The upshot was an unaccustomedly lowly 63rd spot in the standings, and although he had triumphed before after having to battle his way back from qualifying woes, this time, he knew, there was another variable to throw into the equation.
“With it being such a tight and narrow track, I was pretty nervous going into all the heat races from plum last on the grid,” conceded the reigning European Champion and multiple British Champion. “We were at least confident in the speed we had, though, and we made some changes to be able to get through the traffic more easily.
“In heat one, there was a crash ahead at the start, and whilst I managed to avoid it, I clipped another kart as I went past, which left me contending with a bent axle for the entire race.
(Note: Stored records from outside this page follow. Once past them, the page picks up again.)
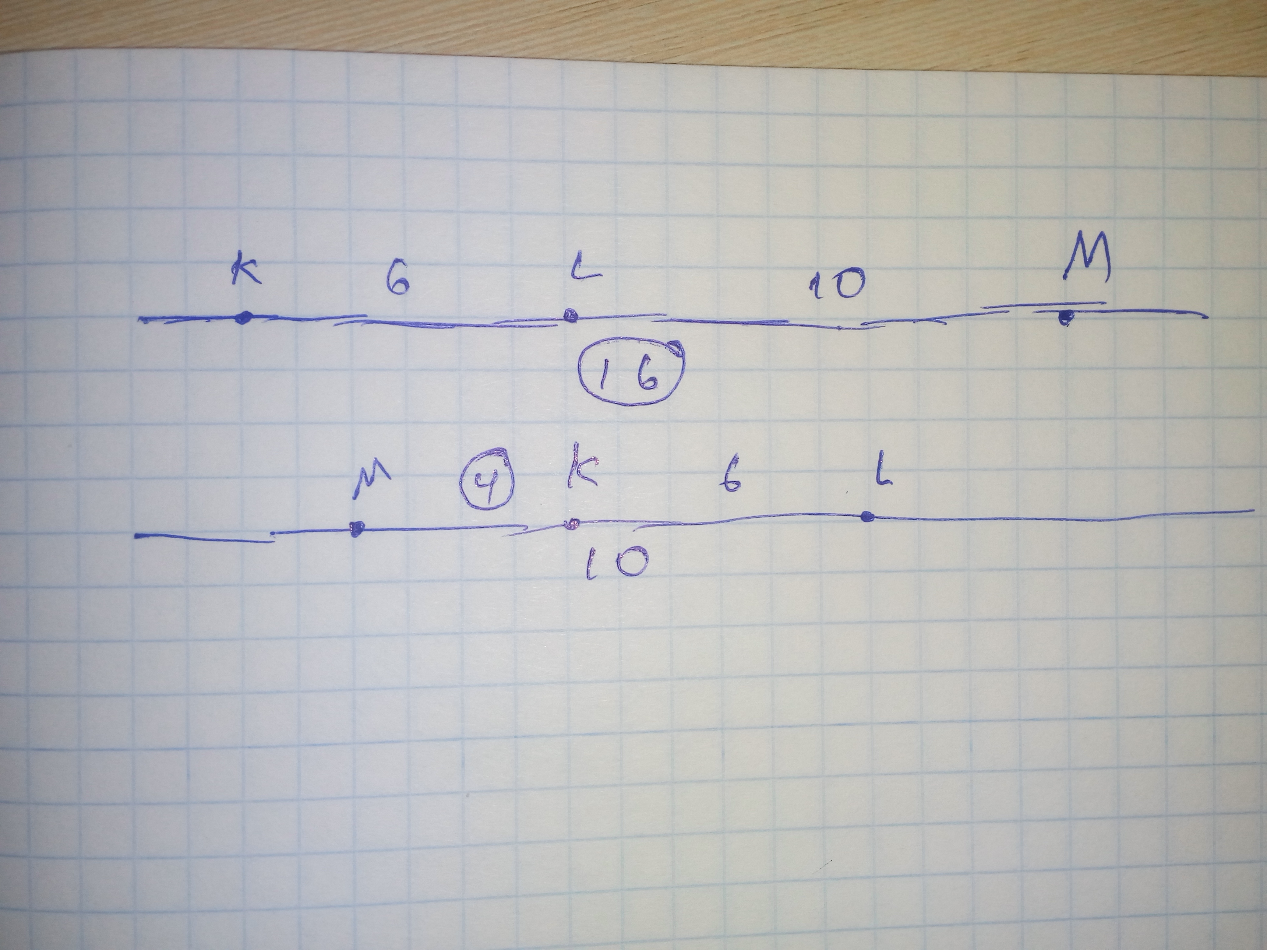 Три точки K, L, M лежат на одной прямой, KL=6см, LM=10см. Каким может быть расстояние KM? для каждого из возможных случаев сделайте чертёж.
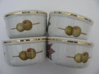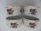 Royal Worcester Evesham Gold Ramekins Berries & Olives Set of 4 These authentic ramekins were made in England during the 1960’s and are part of the Evesham Gold pattern and are now retired. This set of four (4) features a beautiful fruit theme of berries and olives trimmed in gold and has a printed backstamp. They are made of ceramic, giving them a glossy finish that is both decorative and durable that can go from freezer to oven and are dishwasher safe. They measure approximately 3 ¼”in diameter and 1 5/8” tall with a 4 oz. capacity. They are in excellent pre-owned condition with no chips or cracks and the gold is intact. THIS IS A BUY IT NOW FOR ONE SET BUT WE HAVE 2 SETS AVAILABLE TO PURCHASE We have many different items listed in our store, so we ask that you please view them. Thank you for considering our listings and once you receive your item and are happy with our service and products, we ask that you please leave us positive feedback. If for any reason there is any problem, please contact us so we can resolve it.
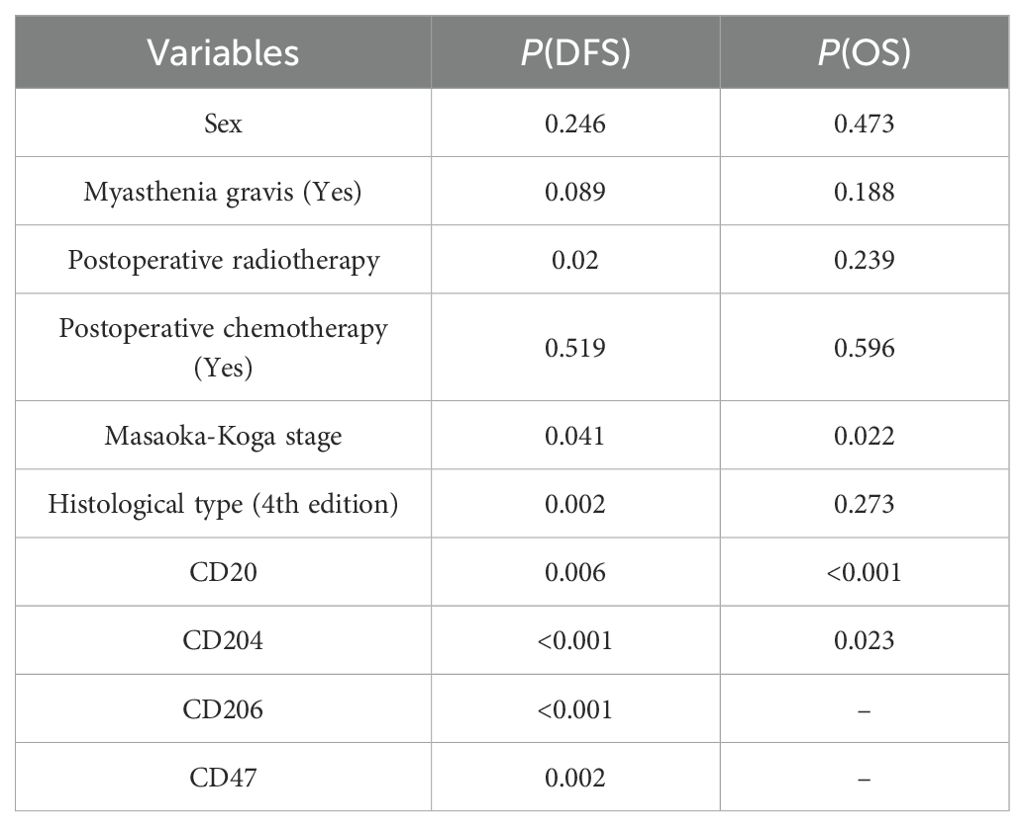 The overexpression of CD206 has been associated with poor prognosis in locally advanced breast cancer (29), and in oral squamous cell carcinoma, it promotes tumor progression by releasing EGF and inhibits antitumor immune responses (30).Additionally, it is significantly correlated with tumor recurrence in mid-to-late stage colorectal cancer (31). Results in this study indicate that the expression of CD206 is significantly negatively correlated with DFS in TETs, but not with OS. A similar situation is observed with CD47, whose overexpression has been found in various tumors and has been proven to be an independent poor prognostic factor in malignant tumors such as lung cancer (32) and gastric cancer (33).However, in our study, neither CD206 nor CD47 was independent prognostic factors for TETs, showing significant correlation only with DFS. Another marker, CD8, has been shown in previous retrospective studies to have significant prognostic implications for thymic carcinoma patients due to the density of CD8+ stromal infiltrating lymphocytes (28). However, our study found no correlation between CD8 expression and DFS or OS in TETs. Results in this study may be related to the clinical characteristics of TETs, necessitating further subgroup analysis. Results from more aggressive thymic carcinomas may be more representative.

That cost me straight-line speed and probably about three tenths a lap, making it a bit harder to come through, so we were pleased to end up fifth.
“The second heat was better, and we finished third; it was really good fun fighting my way through the field, but the first couple of laps were certainly pretty nerve-wracking because there were so many accidents and you had to keep a really cool head to steer away from them all.”
Setting the race’s fastest lap by a commanding four tenths of a second served as a potent warning of George’s palpable potential, and the Intrepid Driver Program member – racing under the banner of Intrepid North America – once more fairly scythed his way through the order like the proverbial hot knife through butter in heat three, only for a late collision directly in front to restrict him to seventh place. Still, his trio of heat results nonetheless secured him fifth on the grid for the all-important final – right back in the game.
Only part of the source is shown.